From John Kruschke's book, Chapter 7, Pg. 120 (summarised for succinctness):
A politician is constantly travelling from island to island on a chain of islands... His goal is to visit all the islands proportionally to their relative population, so that he spends proportionally more time on the more populated islands...He doesn't even know exactly how many islands there are!.. His advisers can ask the mayor of the island they are on how many people are on the island. And when the politician proposes to visit an adjacent island (to the east or west, by flipping a coin), they can ask the mayor of that adjacent island how many people there are on that island.
I wrote some Python code, where A
is the island chain and run_Metropolis(A, N, start, burn_in)
does the computations. The code is intentionally dumbed-down to make it more human-readable.
import random
def run_Metropolis(A, N, start, burn_in):
''' A: the distribution to be predicted (a list).

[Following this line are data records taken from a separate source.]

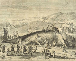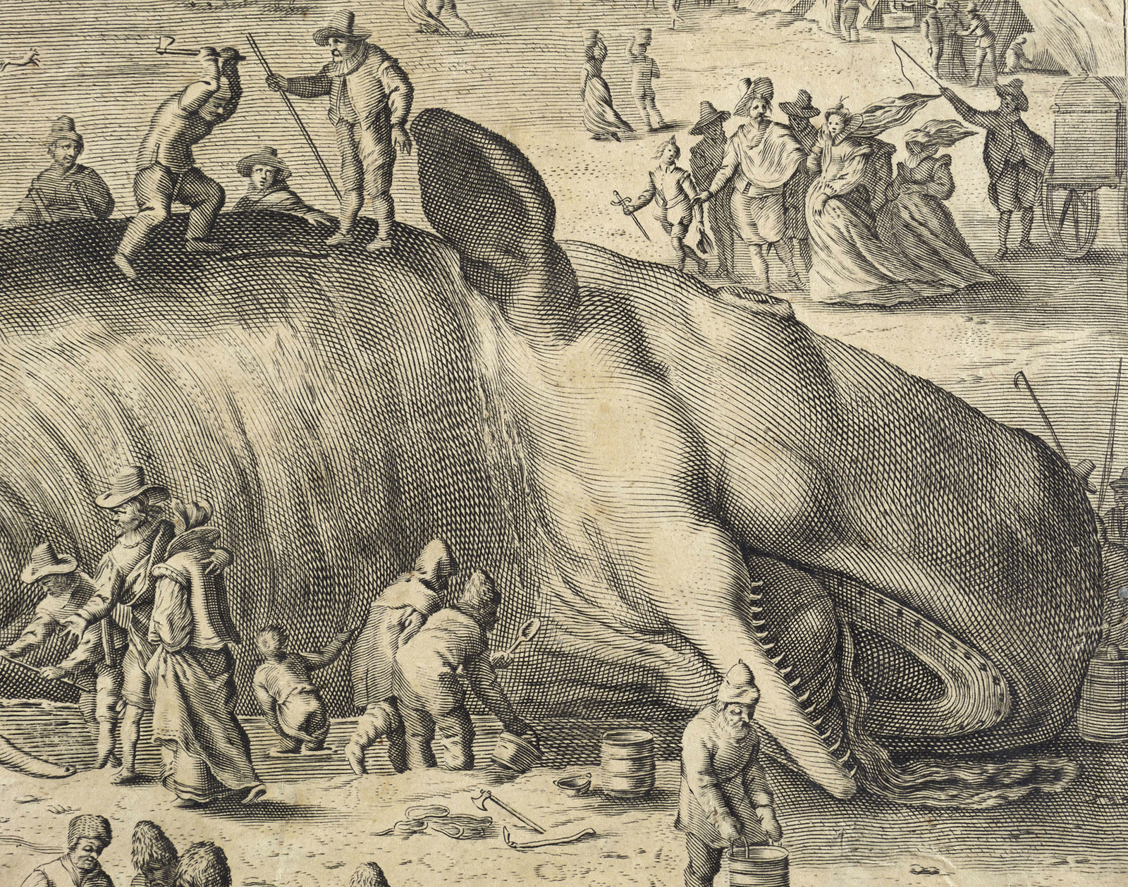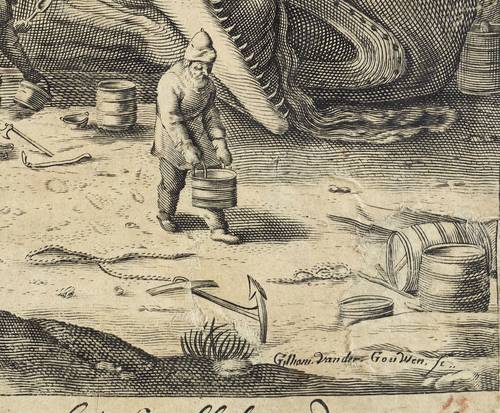 Hollstein 1 I. New Hollstein 202 e I. Wurzbach 1. – In der Platte rechts unter dem liegenden Anker signiert: ″Gilliam Van der GouWen sc.″ Weiter unter der Darstellung bezeichnet: ″Een Walvisch. Lang 70 voeten. gestrandt op de Hollandtse zee-kust, tusschen Schevelungen en Katwyk, in Sprokkelmaandt, 1598.″ – Früher erster Zustand der Platte mit der älteren Schrift. - Gesuchtes Blatt. – In der Platte auf Darstellungsrand und Schrift beschnitten. Oberflächlich leicht berieben. Durchgehend etwas knickspurig. Rechts oben im Himmel beschädigte Partie mit geringfügigem Papierverlust. Bisweilen kaum merklich fleckig. Alt partiell auf Büttenkarton aufgelegt. Mangelhafter bis mäßig guter Zustand.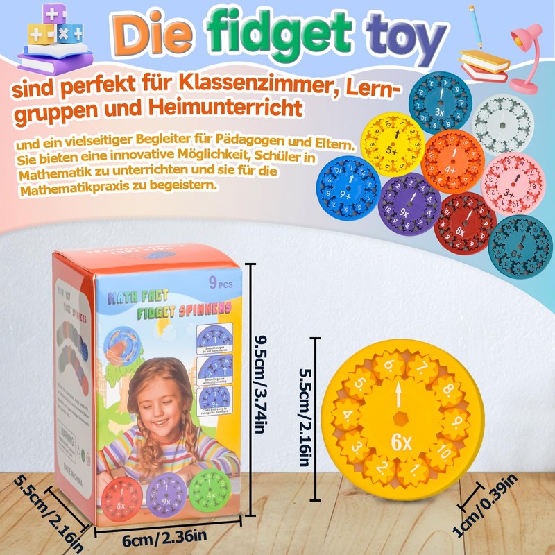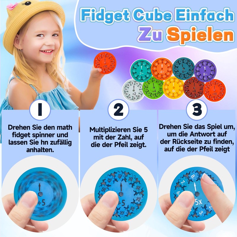 - PERFEKT FÜR UNTERWEGS LERNEN: Mit einer Größe von 5,5 cm x 5,5 cm können Sie es überallhin mitnehmen! Das lebendige Design des Lernspielzeug Fidgetspinner fesselt Ihre Aufmerksamkeit, während seine robuste Konstruktion den täglichen Gebrauch erleichtert. Ideal zum Üben von Multiplikationstabellen oder zum Verbessern der Additionsfähigkeiten.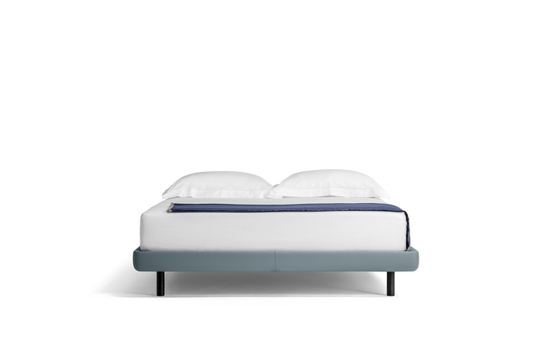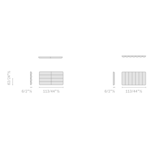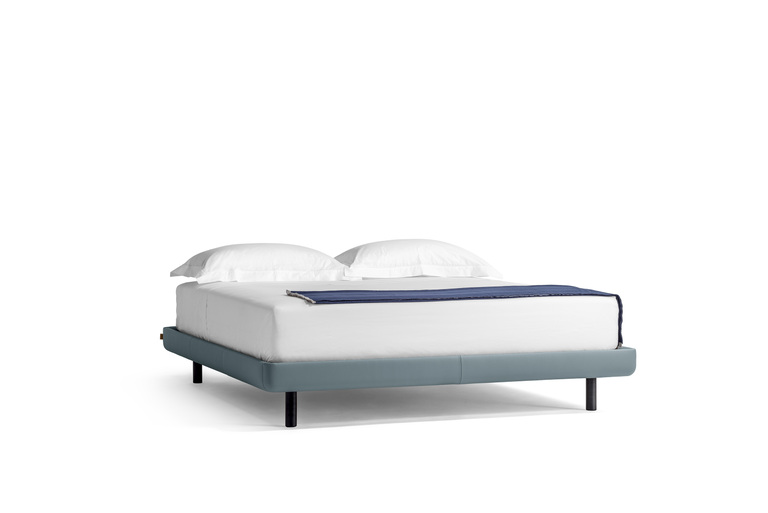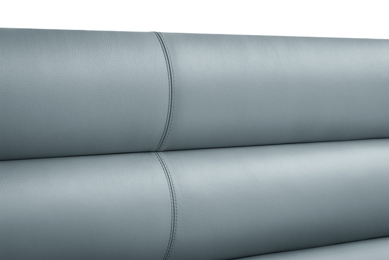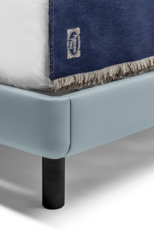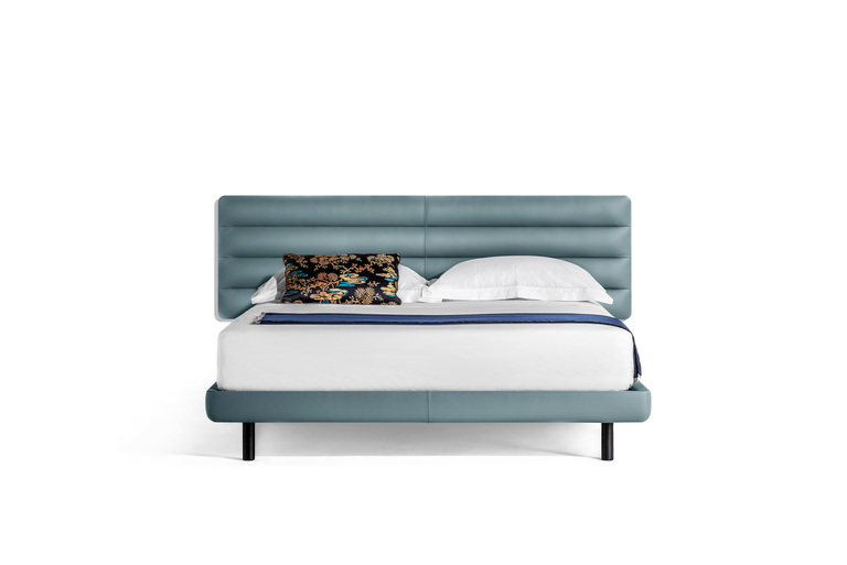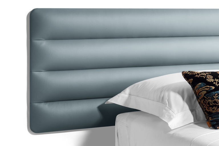 The Ferdinandea headboard features a birch plywood frame coated with a layer of polyurethane foam and polyester wadding and upholstered in Pelle Frau, with delicate matching tone-on-tone stitching that makes up a geometric pattern available in two variations: horizontal or vertical. The back of the Ferdinandea headboard is covered in black canvas and can be anchored to the wall using a bayonet fastening system made of matte black painted metal. Designed to be combined in complete freedom with the different Ferdinandea bed variations, the headboard is available in different lengths.

N: the number of trials / moves
start: starting index in A
burn_in: the number of initial moves to be discarded.
'''
Posterior = [0] * len(A) # to be returned
cur_pos = start # starting index
for i in range(N):
# proposal distribution is (-1, +1) cordinates, takng into account the list boundaries
if cur_pos<len(A)-1 and cur_pos>0:
proposed_positions = [cur_pos-1, cur_pos+1]
elif cur_pos == len(A)-1:
#proposed_positions =[cur_pos-1] # if this is enforced, the posterior does not look like A
proposed_positions = [0,cur_pos-1]
elif cur_pos == 0 :
#proposed_positions = [cur_pos+1] # if this is enforced, the posterior does not look like A
proposed_positions = [len(A)-1, cur_pos+1]
proposed_pos = random.choice(proposed_positions)
# decide whether you will move
if A[proposed_pos] > A[cur_pos]: # definitely move
cur_pos = proposed_pos
else: # move with a prob proportional to how close A[cur_pos] is to A[proposed_pos]
u = random.random() # sample from uniform distribution from 0 to 1
if float(A[proposed_pos])/A[cur_pos] > u: # move to proposed
cur_pos = proposed_pos
else: # stay at cur_pos
pass
# if past burn_in, increment the location by 1 in the posterior distribution.
if i > burn_in:
Posterior[cur_pos] += 1
return Posterior
A = [20,30,10,50,80,20,90] # populations of the islands
posterior_A = run_Metropolis(A, 4000, 3, 1000)
# Validate the sampling works:
[n/float(sum(A)) for n in A]
> [0.0666, 0.1, 0.0333, 0.166, 0.266, 0.066, 0.3]
[n/float(sum(posterior_A)) for n in posterior_A]
> [0.0593, 0.0910, 0.0393, 0.177, 0.263, 0.0666, 0.302]
So, posterior_A
does reflect the population distribution of A
. What Kruschke does not make clear is that in order for this to work, the island chain needs to be cyclic, i.e. you need to be able to travel from the 7th island to the 1st one and vice versa. Otherwise, posterior_A
does not look like A
. You can test this by changnig the boundary proposal distributions with the commented out ones, which don't assume cyclicity.
Questions:
1.Is this because the ergodicity assumption is being violated?
2.Can we modify the acceptance criteria (move decision) to account for the lack of symmetry for the easter-most and western-most islands? (I guess this is Metropolis-Hastings)
3.If so, can you please modify the code to illustrate?